Tuesday, October 26, 2010
From 150 Yards Out
Knock it stiff on your approach shots—no matter what the lie
OVER A TREE
If you find yourself with a tree between you and the green, don’t worry! The good news is that, since you’re 150 yards out, you have a relatively short club for this shot. So first figure out if your 150-yard club will get over the tree. If you think it can and it will land, at worst, near the front of the green, go for it. Short of the green is usually safe, so if it gets over the tree but comes up a little short, that’s fine.
To hit the ball high over the tree, play it slightly forward in your stance. Make a normal backswing and downswing, but make your finish reflect the shot—in this case, high so your hands are high and you don’t fully release.

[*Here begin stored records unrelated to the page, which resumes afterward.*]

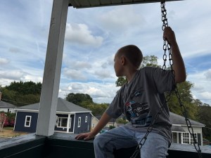 It flip-flopped from rainy to warm & cloudy back to dark rain clouds with more rain on the way. It makes it hard to know when it’s warm enough for Coleman to play outside. On this day outside playing didn’t last long with the tempting rain clouds bearing down upon us.
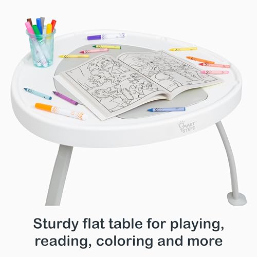 Created to grow with baby, our multi-functional Smart Steps by Baby Trend 3-in-1 Bounce N’ Play Activity Center easily converts from an activity center, to an Activity Play Table, then to a Flat Table allowing your baby to discover and develop. With the sturdy 3-point leg support, parents can have peace of mind watching your kids play while learning. Baby's curiosity is captured with the 360 degree rotating seat, bouncing board and removable toys. The bouncing board that has three position height adjustment will support your baby’s height and body motion as well as help them learn tip toeing. We designed 5 unique toys attached to the table so your little one can learn while playing. It will also improve their eye-hand coordination and brain development. The toys are removable and can be used as standalone toys. As your baby grows, our Smart Steps Bounce N’ Play Activity Center can convert into a clean, sturdy flat table for playing, reading, coloring and more. The activity center is designed for babies aged 6 month and up. Recommended Use: Sit upright unassisted 6 m ~ 30 lbs or 32"
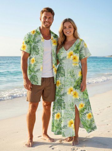 Ensemble de plage hawaïen assorti grande taille à imprimé floral d'hibiscus tropical pour couples - Vert - Vert
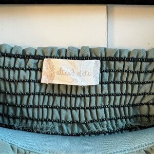 Altar’d State Sage Green Smocked Peasant Crop Top XS – Long Sleeve Puff Blouse
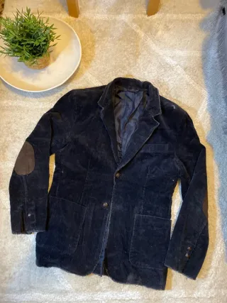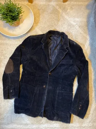 Blazer estilo americana en pana, con un toque retro. - Cierre de tres botones. - Bolsillos frontales con solapa. - Puños con botones.
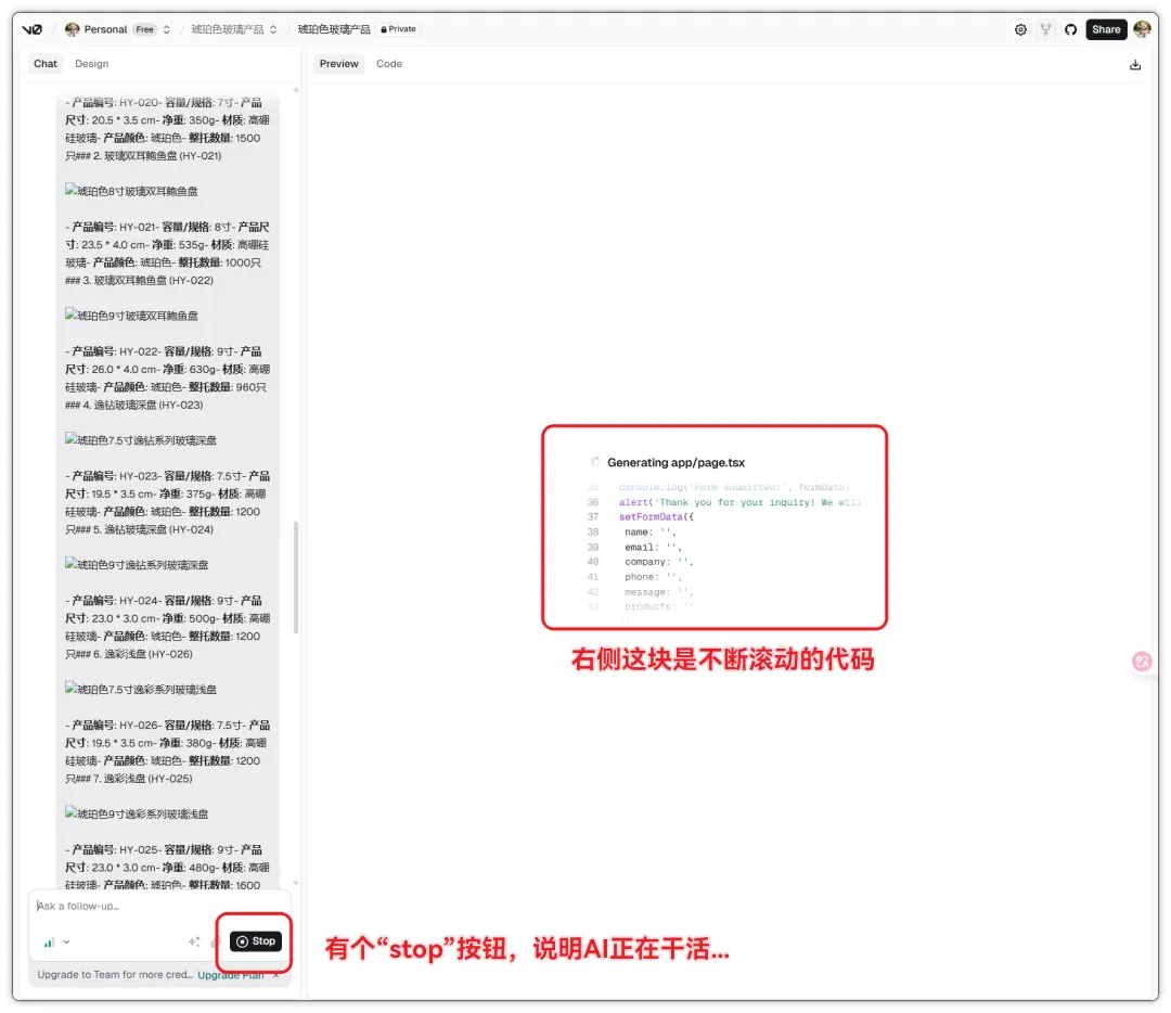 点击发送后,AI开始生成。右侧代码区会不断滚动,等到停下来,一个完整的网站就出来了。
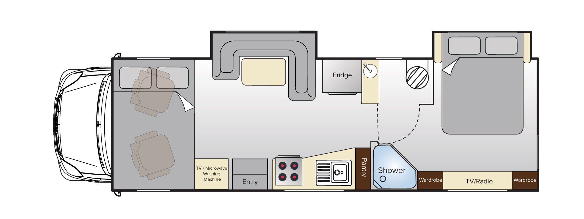 The Avida Fremantle motorhome range is innovation and luxury throughout, matched with the reliable Iveco 70C-21 E6 chassis. Two large slide out rooms – increasing your living and bedroom space with the touch of a button.
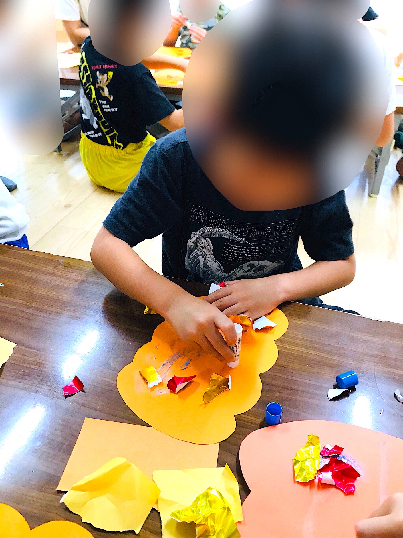 ③のり付け(カボチャ型に貼り絵をしていく)
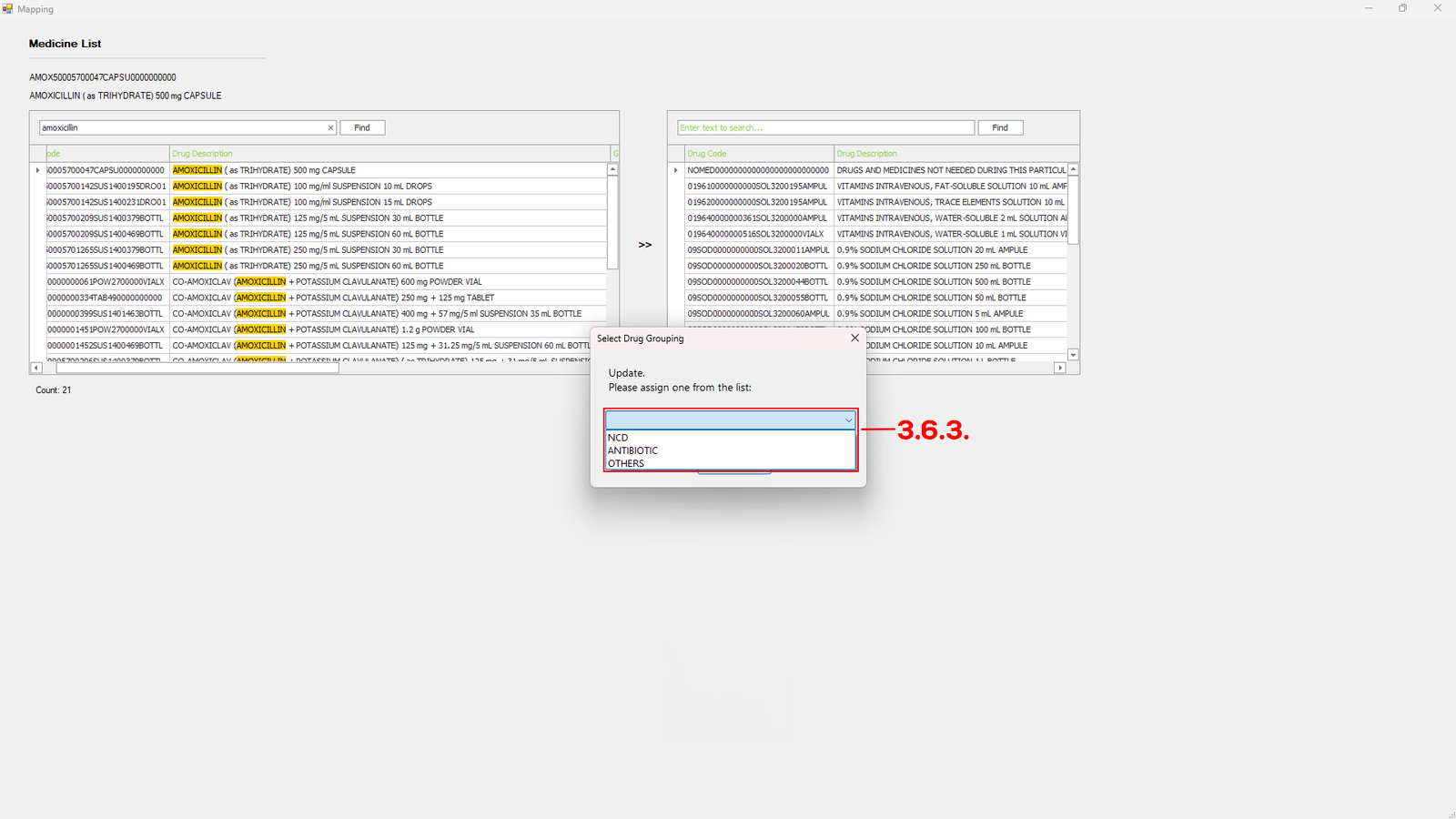 Next, select the medicine from the Drug Medicine drop-down menu (see 11.3).

I want my forearms separated and not touching. This does two things: First, a high finish helps the ball fly higher, since swinging into a high finish demands a speedy swing; second, I limit the amount of release that typically leads to a fade (fades go higher than draws). Also, make sure to swing with good speed, as more speed equals spin and gets the ball higher in the air.
UNDER/AROUND A TREE
If the tree is too high (or too close), you have to hit it under the tree. For this shot, you have to choose the right club. In this case, I’ve selected a 5-iron. Its low loft keeps the ball low, but high enough to get airborne out of the rough. One of the hardest things to judge is how big your swing needs to be. After all, it’s a low shot, and the ball will run a good amount when you hit it. For example, a 150-yard shot needs to fly only about 130 yards (so it rolls another 20).
Also, a smaller swing generates less speed, and less speed equals less spin, and less spin keeps the ball low and under the trees. Play the ball slightly back in your stance and place your hands ahead of the ball. From there, make a three-quarter backswing and hold off the finish, only about halfway through. Remember, a short finish keeps the ball below the trees.
Nick Kumpis, PGA, teaches golf in Southern California.